The charity had hoped to postpone events until the autumn, but has made the decision due to continuing uncertainty as to when mass participation events might again be able to take place.
Cancer Research UK’s Race for Life is run in partnership with Tesco, and includes 5k, 10k and Pretty Muddy events. Since it began in 1994, over £890m has been raised to help fund research into all types of cancer.
In their place for this year, the charity has launched a new campaign, Race for Life at Home. Race for Life at Home encourages people to get involved in their own way, donating to the cause or fundraising where they can to help raise money for research. Supporters could choose to do a 5k or 10k run or walk or embark on a month-long fitness challenge. Entry is free and participants are encouraged to join the Race for Life Facebook community and share their challenges and activities on their own social media channels using the hashtag #RaceForLifeAtHome.
Cancer Research UK plans to restart Race for Life in 2021.
Michelle Mitchell, Chief Executive at Cancer Research UK, said:
“Covid-19 has unfortunately impacted our plans and we’ve made the difficult decision to cancel our Race for Life events. We had hoped to postpone till autumn, but this is no longer possible as we can’t be certain when mass participation events can safely take place again.
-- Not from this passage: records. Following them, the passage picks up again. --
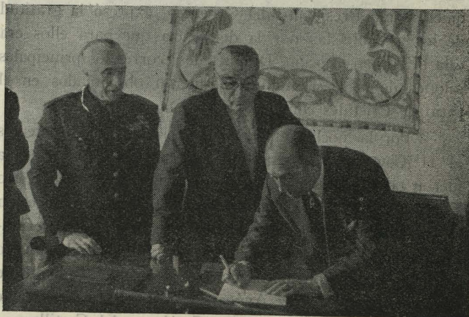
El excelentísimo señor Alcalde firmando el acta de anexión del pueblo de Vicálvaro a Madrid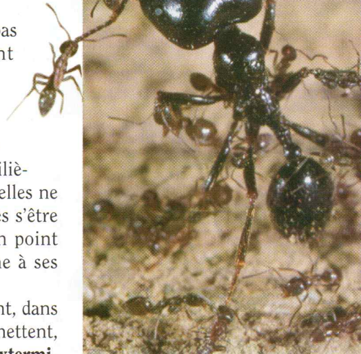
Des fourmis d'Argentine s'en prennent à un soldat granivore. Les plus petites l'emporteront.

Mais dans certains cas, elles se battent furieusement, dans un combat à mort. Quand toutes les fourmis s'y mettent, c'est une tuerie collective qui peut aller jusqu'à l' extermination totale de la fourmilière, particulièrement chez les fourmis des trottoirs ou des caniveaux dont nous avons déjà parlé.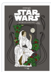
ARTETERAPIA. STAR WARS HACHETTE HEROES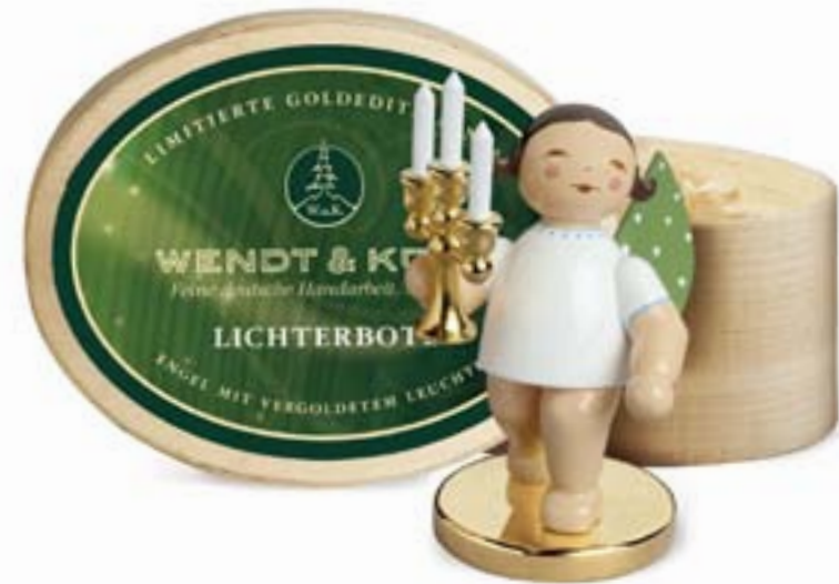
LICHTERBOTE, ENGEL MIT VERGOLDETEM LEUCHTER 650/117/LE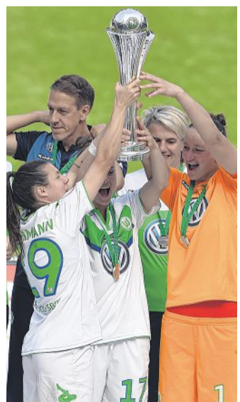
Die VfL-Spielerinnen mit dem DFB-Pokal.

pique Lyon. Fünf Tage vor dem Königsklassen-Endspiel in Italien präsentierte sich der VfL allerdings in keiner guten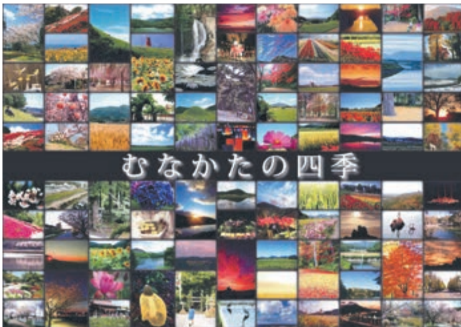
むなかた景観写真コンテスト写真展での展示パネル

これは、平成24年2月に開催した、むなかた景観写真コンテスト写真展の来場者の感想の一部です。同コンテストを通じて、本市の景観が人々にもたらす力の大きさを再認識することができました。いつの時代にも、このような力を感じてもらえるようなまちにしたいと考えています。市では、これまで受け継がれてきた本市の景観を、宝として、誇りとして、いつまでも大切に残していくために、景観計画と景観条例を策定・制定しました。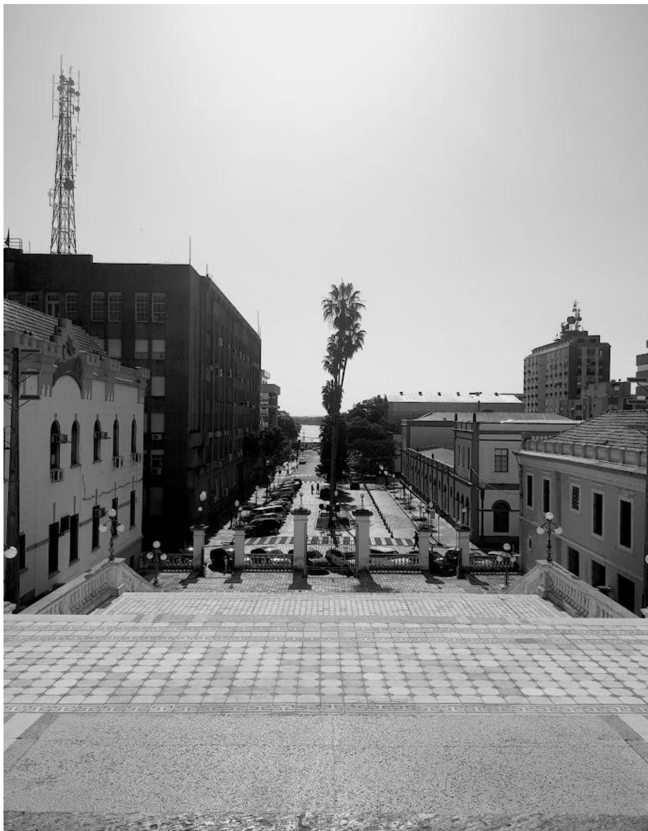
Vista do Guaíba pela Basílica Menor Nossa Senhora das Dores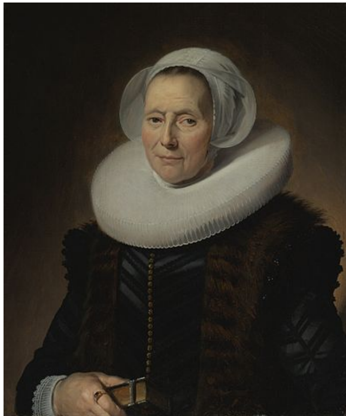
Retrato de dama con cuello de lechuguilla de Frans Hals

La moda barroca reflejará a la perfección la idea de poder y estatus social que defenderán tanto la iglesia contra reformista como las monarquías absolutas. Se distinguen tres periodos coincidiendo con los reinados de los tres principales monarcas franceses. La moda Enrique IV se caracterizará por ese llamativo cuello gorguera con forma como de gran abanico llamado de lechuguilla y en el caso de las mujeres la gorguera se alzarán conformando el llamado cuello Médici . Los hombres usarán sombreros de ala ancha y las mujeres escotes rectangulares.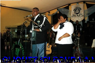
CLIQUEZ ICI POUR LA VIDEO DU DISCOURS DU GENERAL PRUNG RAZA FINDRAKOTO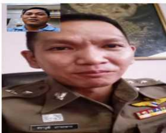
ดร.ท่องเที่ยว จว.เชียงใหม่

We’re sorry to our participants and volunteers who hoped to join in this year, but we hope they will understand that safety must be priority.
“Race for Life events will return in 2021, but we still need help today to raise money for life-saving research. We expect to see a 20 – 25% decline in fundraising income this financial year and unfortunately we’ve already been forced to make £44m cuts to our research spend. There can be no doubt that this global pandemic is causing huge strain on charities and Cancer Research UK is being hit hard.”
While many charities have cancelled events due to the pandemic, others, such as the London Marathon, rescheduled for 4 October, have been rescheduled for later in the year. However, with time ticking on, Cancer Research UK is not alone in its decision. Cardiff Half Marathon for one had also been rescheduled for 4 October, and this too will now not take place until next year.
I expect to see a wave of event postponements and cancellations over the next fortnight. It’s hard to see how any large scale events could take place this year.